What I have tried is this:

Assume we have a probability space $(\Omega, \mathcal{F},P)$, and two stochastic processes $X_t$, $Y_t$. Let $\sigma(X_{t^*})=\{X_{t^*}^{-1}(B)\}$, the sigma-algebra generated by the variable. And let $\sigma(X_{t_1},X_{t_2})=\sigma(\sigma(X_{t_1}),\sigma(X_{t_2}))$ the sigma algebra generated by the two sigma algebras etc.

Let us assume that $s _1\le s_2 \le t_1 \le t_2$. What I need to show is that : $\sigma(X_{t_2}+Y_{t_2}-X_{t_1}-Y_{t_1})$ is independent of $\sigma(X_{s_2}+Y_{s_2}-X_{s_1}-Y_{s_1})$. What I know already is that $\sigma(X_{t_2}-X_{t_1})$ is independent of $\sigma(X_{s_2}-X_{s_1})$ and $\sigma(Y_{t_2}-Y_{t_1})$ is indepent of $\sigma(Y_{s_2}-Y_{s_1})$. And lastly since the two processes are independent i know that $\sigma(X_{t_2},X_{t_1},X_{s_2},X_{s_1})$ is independent of $\sigma(Y_{t_2},Y_{t_1},Y_{s_2},Y_{s_1})$.
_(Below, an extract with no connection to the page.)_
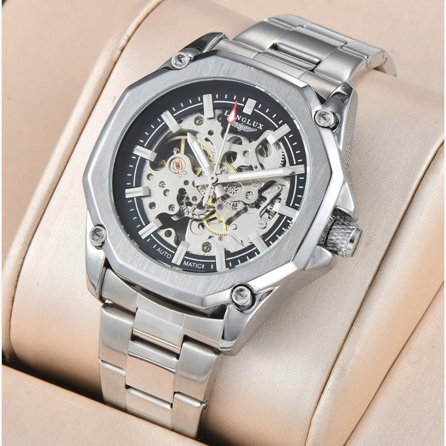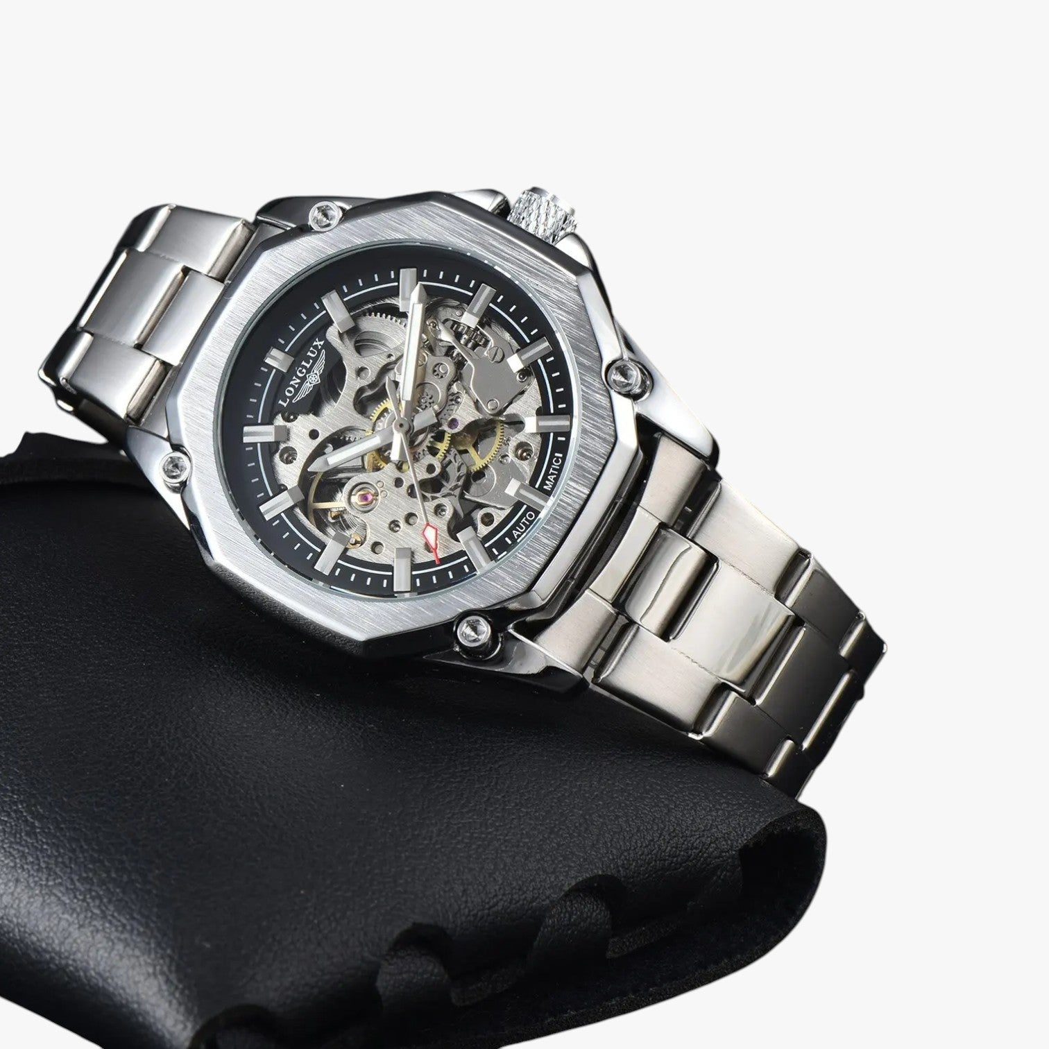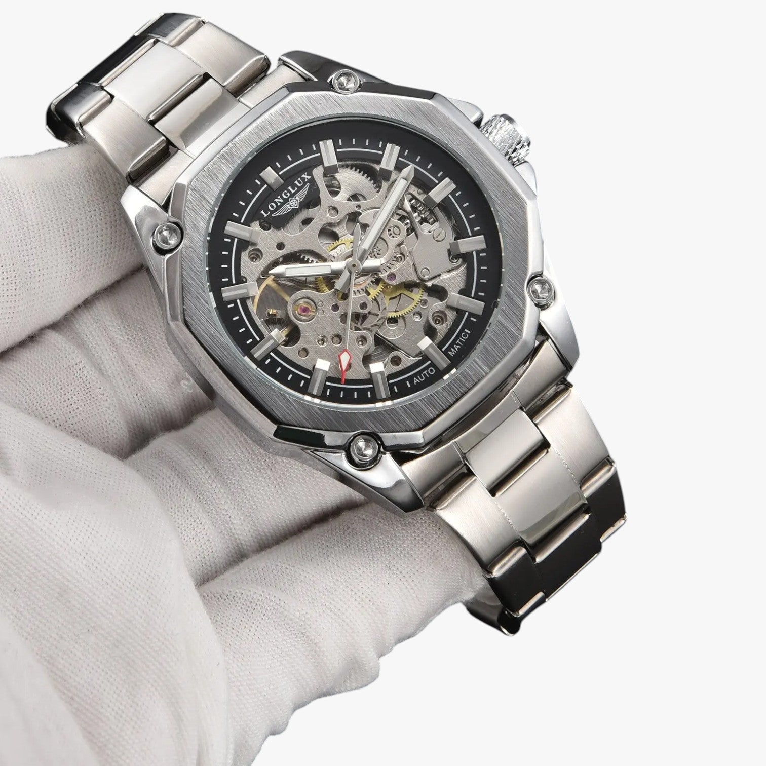 Das skelettierte Zifferblatt zeigt jedes Zahnrad in Bewegung. Jede Sekunde wird zu einer kleinen Show, die du tragen kannst.

What I need to end up with is that:

$P(X_{t_2}+Y_{t_2}-X_{t_1}-Y_{t_1}\in A, X_{s_2}+Y_{s_2}-X_{s_1}-Y_{s_1} \in B)=P(X_{t_2}+Y_{t_2}-X_{t_1}-Y_{t_1}\in A)\cdot P(X_{s_2}+Y_{s_2}-X_{s_1}-Y_{s_1} \in B)$.

But I do get stuck here. My only idea is to work with some kind of reduction, where I look at the variables $X_{t_2}-X_{t_1}=Z_1,Y_{t_2}-Y_{t_1}=Z_2,X_{s_2}-X_{s_1}=Z_3,Y_{s_2}-Y_{s_1}=Z_4$. The the LHS of what is above is $P(Z_1+Z_2 \in A, Z_3+Z_4 \in B)$. Uintil this point I haven't really gotten anywhere it seems I just have rewritten the problem, maybe the next step is showing that $Z_1, Z_2$, but I am not sure how that follows either(if variables are independent, are their differences also independent.?).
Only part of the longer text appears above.